About 15 to 20 minutes into the dive, you’ll encounter a channel cutting through the wall to the right. Depending on the current, you might find a swarm of reef sharks here at around 65 feet (20 m). The barracuda tend to be much shallower at around 40 feet (12 m), and can congregate anywhere along the channel. If the current is ripping, position yourself close the swarm, grab hold of the rocky bottom, and enjoy the show for as long as your deco time and air supply permit.

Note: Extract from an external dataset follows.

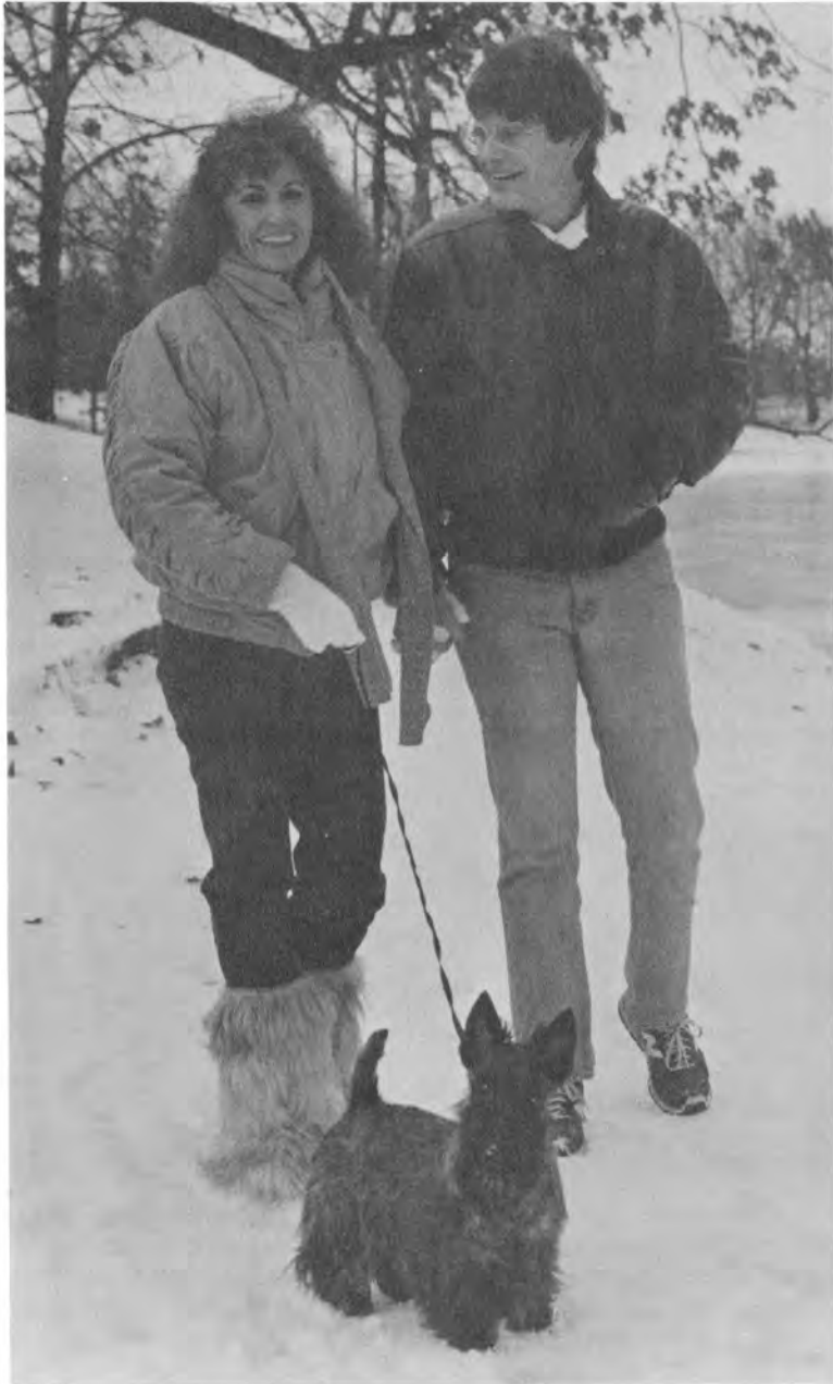
Heart to Heart in Indiana

With one little Scottie from the past, we're starting over again. Dreamers endure because they know the meaning of affairs of the Heart.

When it’s time to let go, shallow up along the wall on right side of the channel, watching for gray reef sharks resting along the sandy bottom, or the odd eagle ray buzzing by. The channel and sloping wall are full of macro life as well, should you care to slow down and search for leaf scorpionfish, pipefish, crabs or commensal shrimp galore. Complete your safety stop along the top of the reef, which sits conveniently at around 16 feet (5 m). Peek under the abundant table coral and you might find a juvenile shark hidden in the shadows, but beware the titan triggerfish guarding its territory.

Depth: 15 to 130 feet (5 to 40 m)
Water Temperature: 80 to 84 F (27 to 29 C)
Exposure Protection: Rash guard & board shorts or 3 mm shorty during colder months
Visibility: 100-plus feet (30-plus m)
When to go: Year-round. Book well in advance, as daily permits are in short supply
Skill level: Appropriate for new divers if currents aren’t too strong

Christina Koukkos is a New York-based freelance writer and editor. She covers scuba diving, responsible tourism, off-beat destinations, cultural travel and other topics. She’s a certified PADI dive instructor and MSDT as well as an amateur underwater (and topside) photographer. Learn more about her at https://koukkos.com/, on her blog, Taking the Fork, on Instagram or Twitter.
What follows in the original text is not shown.